The actions that are underway at the EU and regional levels to develop capital markets and local financing resources need pursuing and expandingThe actions initiated at the EU level to foster the development of capital markets should be beneficial for the CEE region. Firstly, the efforts made to implement the EU capital market rulebook throughout the EU should provide the CEE countries with a consistent set of rules. This should facilitate the development of appropriate investment offerings across the multiple and relatively small CEE markets and also facilitate investment into the CEE region from other parts of the EU and third-countries. Actions proposed in the context of the Capital Markets Union (CMU) should further support the development of capital markets in the region, however the progress made so far with this initiative is still limited. Secondly actions are being conducted under the aegis of the EU Commission in the context of the Structural Reform Support Programme (SRSP) to support the development and integration of local capital markets. Projects in CEE countries range from capital markets diagnostics and strategies, through SME equity listing support instruments and pre-listing support programs, to reforming the legal and regulatory framework for covered bonds and securitization, and improving the investment environment for institutional investors.
Multiple initiatives are also underway at the regional level, with the support of IFIs (international financial institutions such as the EIB and the EBRD), to develop and interconnect local capital markets.
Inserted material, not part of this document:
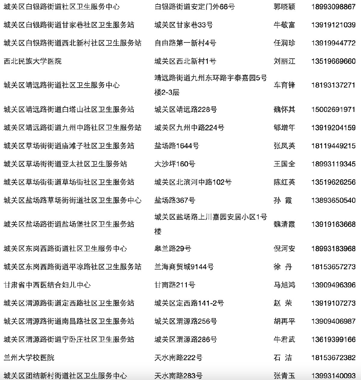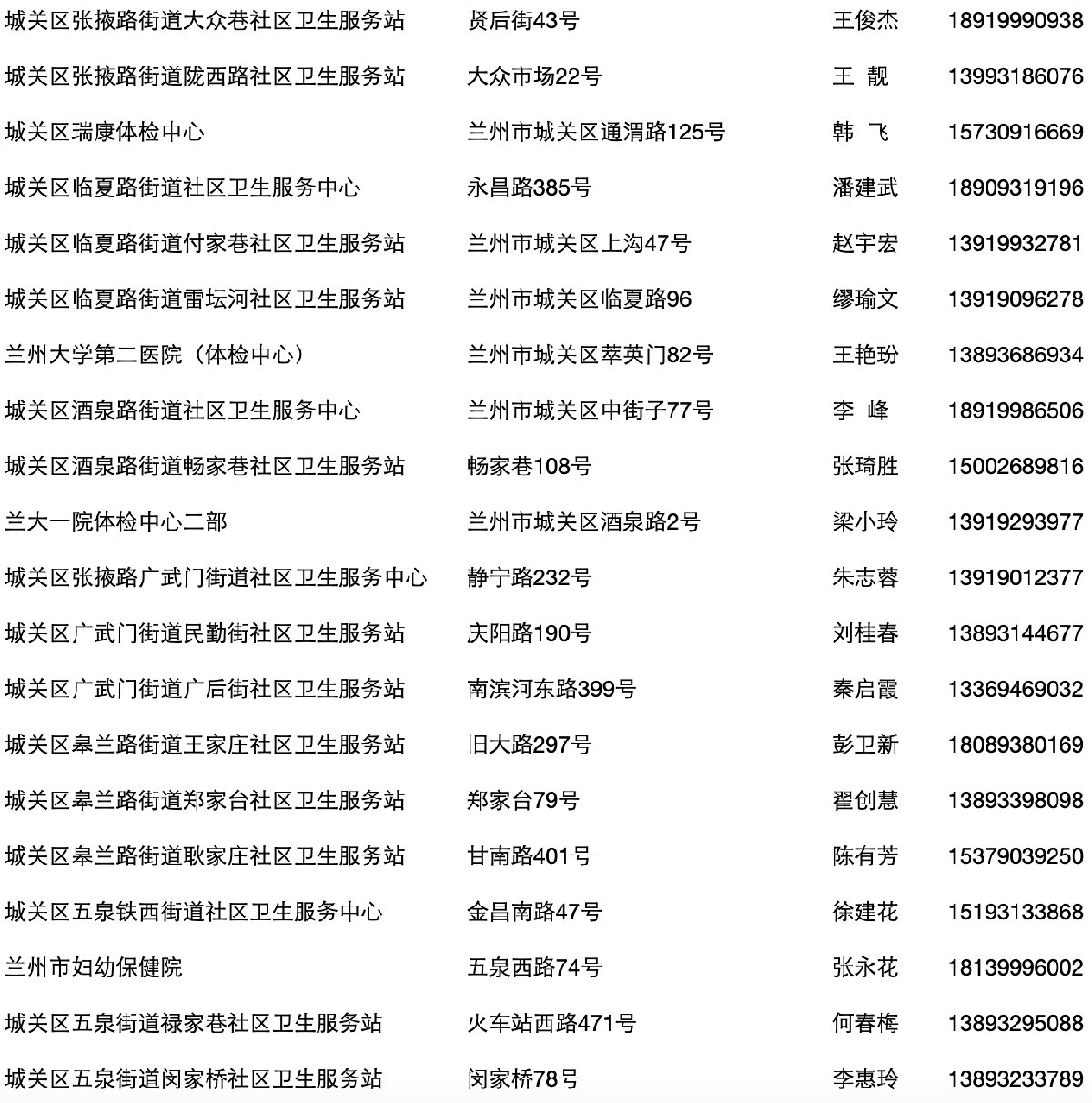 接種地點:甘肅省蘭州市城關區(qū)通渭路125號

Work is under way to establish a Pan-Baltic framework for covered bonds, and an additional project aiming to obtain a single Frontier market classification jointly for the three Baltic countries to enhance the attractiveness of these combined equity markets to institutional investors. The SEE link project, also supported by the EBRD, aims to create a regional capital markets infrastructure by connecting the stock exchanges of 7 countries including Bulgaria, Croatia, Slovenia and N. Macedonia. A follow-up project is being implemented to connect securities clearing, settlement and depositary infrastructures at the regional level for the SEE Link markets. Local initiatives have been moreover put in place in Romania or Bulgaria for example. Actions are also being conducted by the EIB through the EIF Investment Facility to support the development of venture capital and private equity in CEE, investing in funds that operate in the region and also providing investment expertise.
The IFIs moreover provide local banks with support, aiming to increase their lending capacity in the region. The EIB is supporting new securitisations and providing local banks with new risk-sharing mechanisms (through the SME initiative) that enable them to lend to innovative SMEs in an uncollateralized way. This includes providing banks with a first-loss guarantee on portfolios of loans to growing SMEs and innovative firms, which should help them to take more risks notably regarding intangible investments. The EBRD has helped implement covered bond reforms in several CEE jurisdictions, including Romania, Poland and Slovakia, with work ongoing in the Baltics and Croatia, bringing national regulatory frameworks in line with EU and international standards and providing these markets with renewed momentum in CEE.